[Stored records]
#####
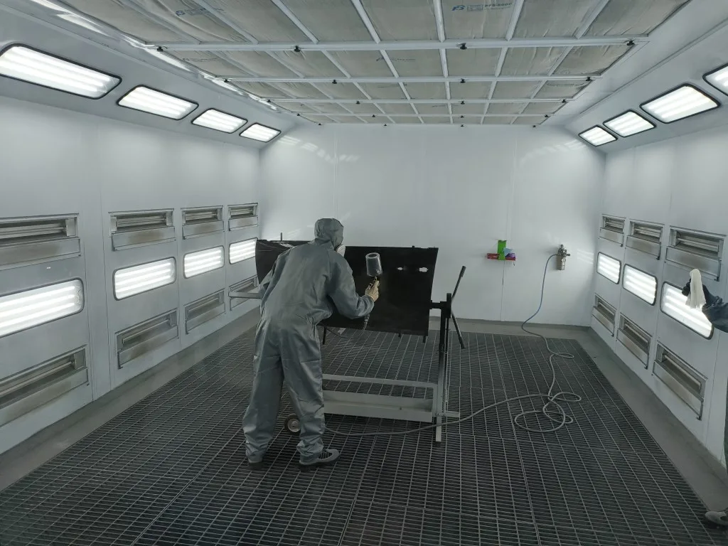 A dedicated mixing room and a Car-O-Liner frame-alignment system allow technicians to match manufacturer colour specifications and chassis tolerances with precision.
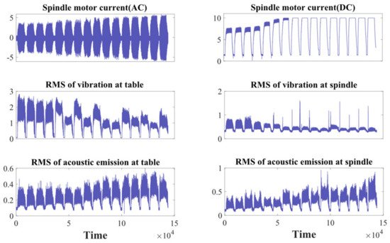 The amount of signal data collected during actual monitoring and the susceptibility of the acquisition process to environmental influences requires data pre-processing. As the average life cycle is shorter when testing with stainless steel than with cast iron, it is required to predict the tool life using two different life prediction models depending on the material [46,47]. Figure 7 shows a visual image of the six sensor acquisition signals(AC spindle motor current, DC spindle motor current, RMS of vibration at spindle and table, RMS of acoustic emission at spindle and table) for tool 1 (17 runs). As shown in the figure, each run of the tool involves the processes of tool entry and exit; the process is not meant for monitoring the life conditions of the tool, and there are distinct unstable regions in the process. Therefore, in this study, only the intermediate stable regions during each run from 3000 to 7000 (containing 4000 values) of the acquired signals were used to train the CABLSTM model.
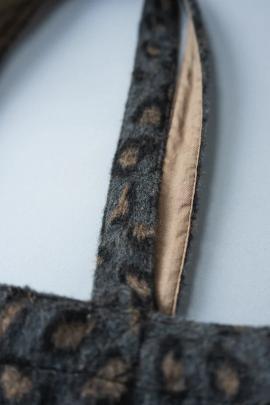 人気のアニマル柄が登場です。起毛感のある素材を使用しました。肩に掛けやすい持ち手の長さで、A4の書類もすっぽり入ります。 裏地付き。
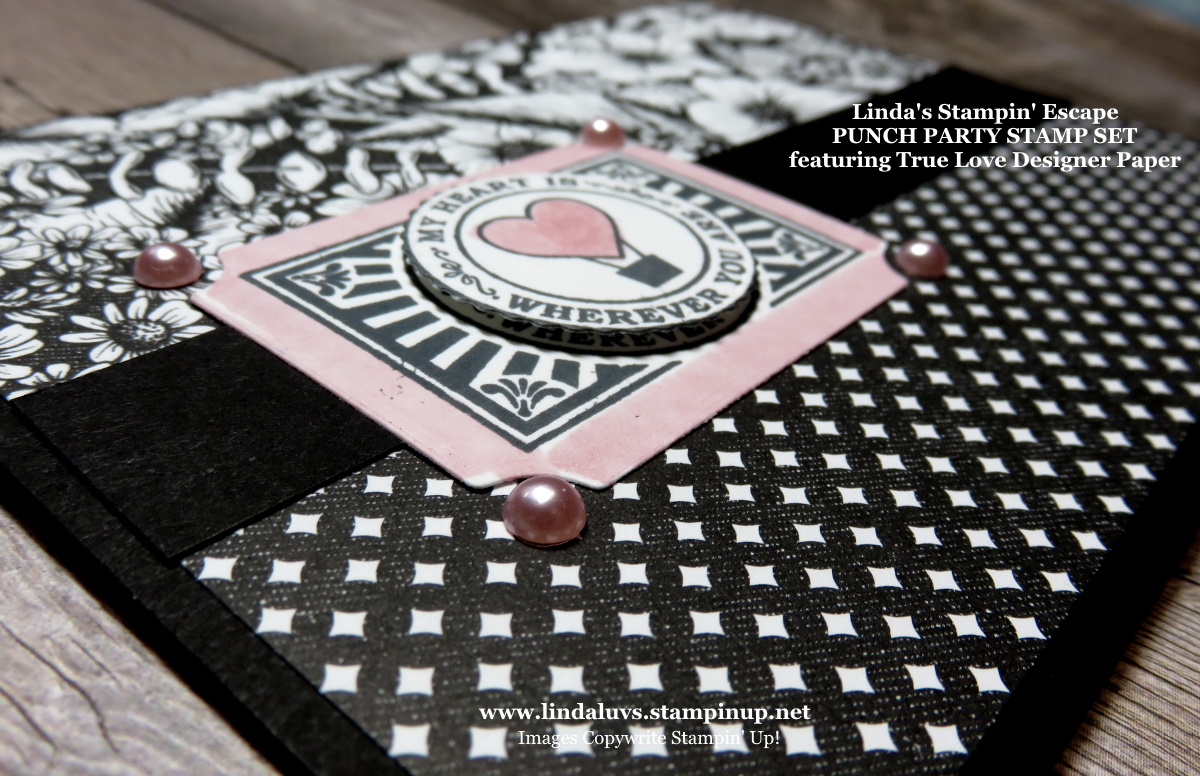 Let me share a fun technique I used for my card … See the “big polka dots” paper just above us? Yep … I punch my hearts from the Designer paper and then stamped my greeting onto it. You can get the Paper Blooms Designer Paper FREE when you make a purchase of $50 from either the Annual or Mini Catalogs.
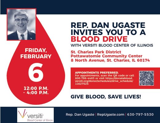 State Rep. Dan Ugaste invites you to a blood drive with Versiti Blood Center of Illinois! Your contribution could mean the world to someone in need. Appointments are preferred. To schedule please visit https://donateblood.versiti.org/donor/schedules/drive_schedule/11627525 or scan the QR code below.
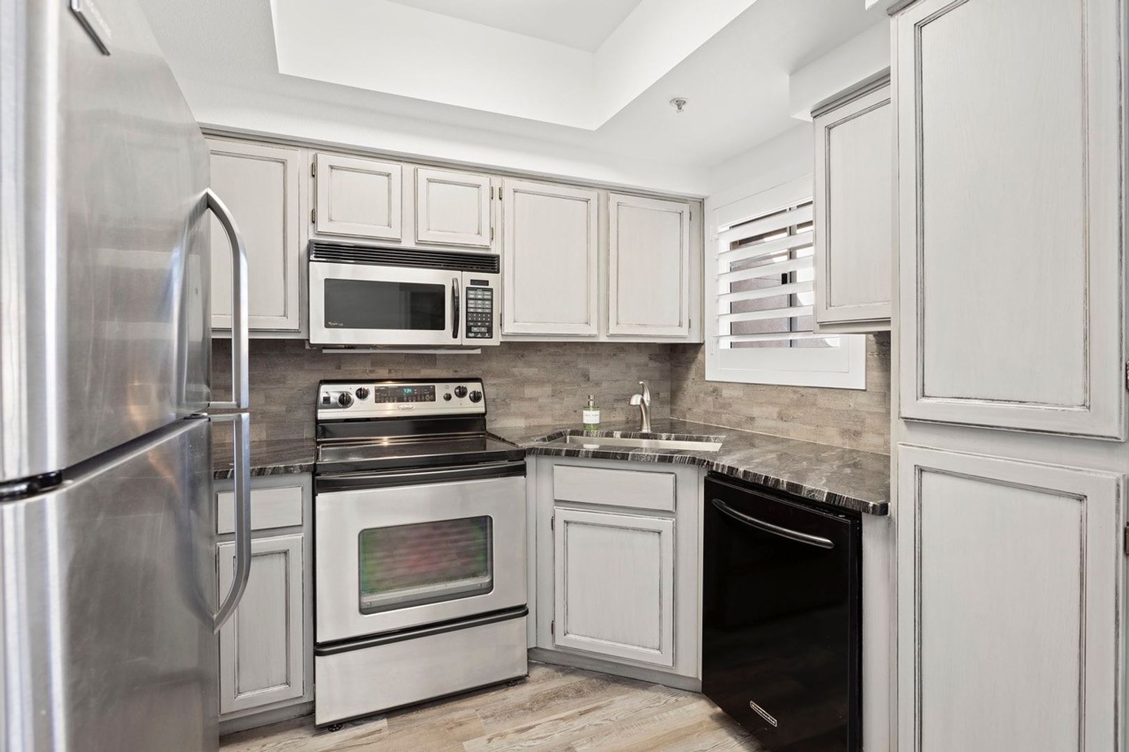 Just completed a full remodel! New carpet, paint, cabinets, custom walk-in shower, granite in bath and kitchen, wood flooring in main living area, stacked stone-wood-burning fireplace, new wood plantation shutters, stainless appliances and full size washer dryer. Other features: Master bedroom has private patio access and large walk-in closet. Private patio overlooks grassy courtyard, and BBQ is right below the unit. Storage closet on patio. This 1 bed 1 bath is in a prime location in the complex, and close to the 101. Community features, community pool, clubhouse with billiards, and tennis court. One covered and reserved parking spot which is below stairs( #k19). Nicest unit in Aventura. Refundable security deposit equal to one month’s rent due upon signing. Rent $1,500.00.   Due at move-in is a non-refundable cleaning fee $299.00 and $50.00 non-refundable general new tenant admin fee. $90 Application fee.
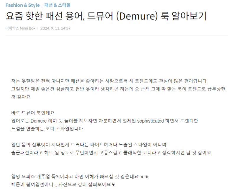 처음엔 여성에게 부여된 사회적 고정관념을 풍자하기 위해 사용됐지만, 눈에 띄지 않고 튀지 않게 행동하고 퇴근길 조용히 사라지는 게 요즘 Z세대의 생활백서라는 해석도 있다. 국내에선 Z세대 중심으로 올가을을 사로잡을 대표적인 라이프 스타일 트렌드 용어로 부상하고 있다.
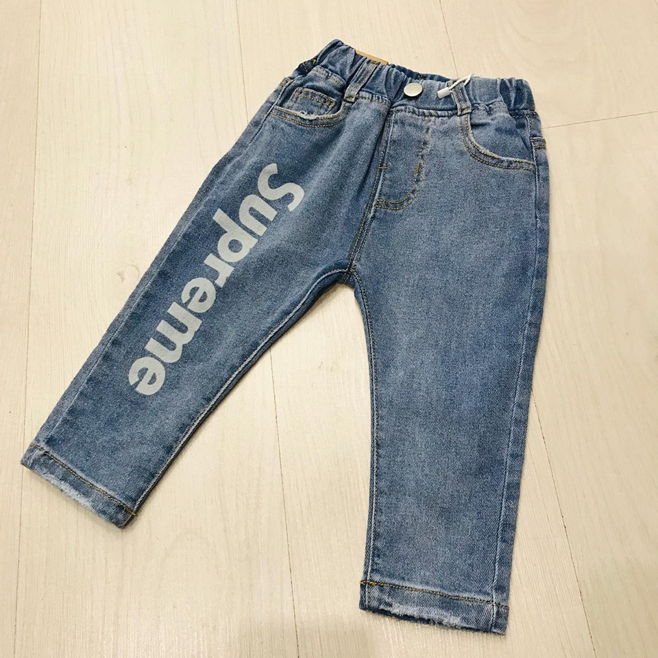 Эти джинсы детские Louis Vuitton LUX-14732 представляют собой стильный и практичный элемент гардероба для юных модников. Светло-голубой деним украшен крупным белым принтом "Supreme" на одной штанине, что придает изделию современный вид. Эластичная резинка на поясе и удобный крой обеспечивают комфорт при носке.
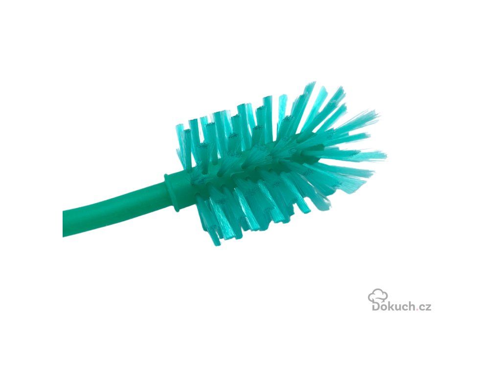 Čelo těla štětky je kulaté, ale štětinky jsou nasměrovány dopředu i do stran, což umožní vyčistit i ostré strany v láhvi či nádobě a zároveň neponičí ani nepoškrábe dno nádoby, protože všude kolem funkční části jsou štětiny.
#####
Would you return the data exactly as written, without the pictures?

[WRITTEN REPLY]:
 A dedicated mixing room and a Car-O-Liner frame-alignment system allow technicians to match manufacturer colour specifications and chassis tolerances with precision.
 The amount of signal data collected during actual monitoring and the susceptibility of the acquisition process to environmental influences requires data pre-processing. As the average life cycle is shorter when testing with stainless steel than with cast iron, it is required to predict the tool life using two different life prediction models depending on the material [46,47]. Figure 7 shows a visual image of the six sensor acquisition signals(AC spindle motor current, DC spindle motor current, RMS of vibration at spindle and table, RMS of acoustic emission at spindle and table) for tool 1 (17 runs). As shown in the figure, each run of the tool involves the processes of tool entry and exit; the process is not meant for monitoring the life conditions of the tool, and there are distinct unstable regions in the process. Therefore, in this study, only the intermediate stable regions during each run from 3000 to 7000 (containing 4000 values) of the acquired signals were used to train the CABLSTM model.
 人気のアニマル柄が登場です。起毛感のある素材を使用しました。肩に掛けやすい持ち手の長さで、A4の書類もすっぽり入ります。 裏地付き。
 Let me share a fun technique I used for my card … See the “big polka dots” paper just above us? Yep … I punch my hearts from the Designer paper and then stamped my greeting onto it. You can get the Paper Blooms Designer Paper FREE when you make a purchase of $50 from either the Annual or Mini Catalogs.
 State Rep. Dan Ugaste invites you to a blood drive with Versiti Blood Center of Illinois! Your contribution could mean the world to someone in need. Appointments are preferred. To schedule please visit https://donateblood.versiti.org/donor/schedules/drive_schedule/11627525 or scan the QR code below.
 Just completed a full remodel! New carpet, paint, cabinets, custom walk-in shower, granite in bath and kitchen, wood flooring in main living area, stacked stone-wood-burning fireplace, new wood plantation shutters, stainless appliances and full size washer dryer. Other features: Master bedroom has private patio access and large walk-in closet. Private patio overlooks grassy courtyard, and BBQ is right below the unit. Storage closet on patio. This 1 bed 1 bath is in a prime location in the complex, and close to the 101. Community features, community pool, clubhouse with billiards, and tennis court. One covered and reserved parking spot which is below stairs( #k19). Nicest unit in Aventura. Refundable security deposit equal to one month’s rent due upon signing. Rent $1,500.00.   Due at move-in is a non-refundable cleaning fee $299.00 and $50.00 non-refundable general new tenant admin fee. $90 Application fee.
 처음엔 여성에게 부여된 사회적 고정관념을 풍자하기 위해 사용됐지만, 눈에 띄지 않고 튀지 않게 행동하고 퇴근길 조용히 사라지는 게 요즘 Z세대의 생활백서라는 해석도 있다. 국내에선 Z세대 중심으로 올가을을 사로잡을 대표적인 라이프 스타일 트렌드 용어로 부상하고 있다.
 Эти джинсы детские Louis Vuitton LUX-14732 представляют собой стильный и практичный элемент гардероба для юных модников. Светло-голубой деним украшен крупным белым принтом "Supreme" на одной штанине, что придает изделию современный вид. Эластичная резинка на поясе и удобный крой обеспечивают комфорт при носке.
 Čelo těla štětky je kulaté, ale štětinky jsou nasměrovány dopředu i do stran, což umožní vyčistit i ostré strany v láhvi či nádobě a zároveň neponičí ani nepoškrábe dno nádoby, protože všude kolem funkční části jsou štětiny.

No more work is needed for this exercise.